Entrepreneurs who didn’t go to business school or don’t have business connections often are not sure what it takes to reach the next stage of growth. Paradoxically, businesses at the lower end of the middle market are often in the best position to grow.
Hill likes to say that this is the stage “where complexity begins to show itself.” Tools, advice and connectivity help tame that complexity, he adds. With our scale and experience, JPMorgan Chase is an ideal partner for many diverse-owned businesses.
“Our job is to help them understand what’s possible—from a growth perspective, from a capital-raising perspective, from a technology perspective—and combine it with their business ideas and inspiration,” Hill says.
For Ferguson, the key is mentorship. “We want our clients to take the baton and pass it back to someone on the smaller end and show them the art of the possible,” she says. “Those companies have been there and can help train them up.”

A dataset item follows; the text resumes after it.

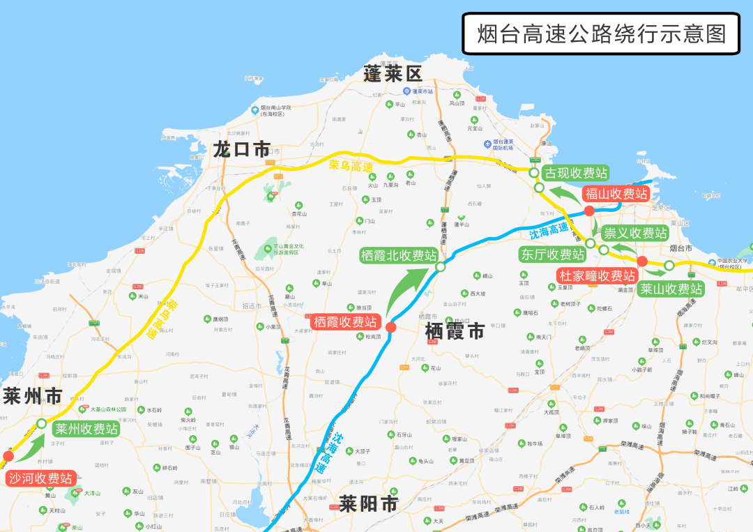 途经荣乌高速 杜家疃收费站的市民朋友,可选择莱山、崇义收费站绕行。

Building Resiliency Beyond COVID-19
The pandemic has exposed inequities throughout the business sector. A disproportionate number of women have closed businesses or left their jobs to care for family members, and many diverse businesses have shuttered because they lacked the necessary capital to weather the storm and pivot to new opportunities.
The size of JPMorgan Chase and the depth of expertise of our people put us in a unique position to help diverse-owned businesses build resiliency so that they can manage through future crises.
“We’re leading from the front,” Ferguson says. “Connecting the dots internally and externally, partnering with others and placing challenges out there to everyone else. We’re rolling up our sleeves to help, and we’re not alone.”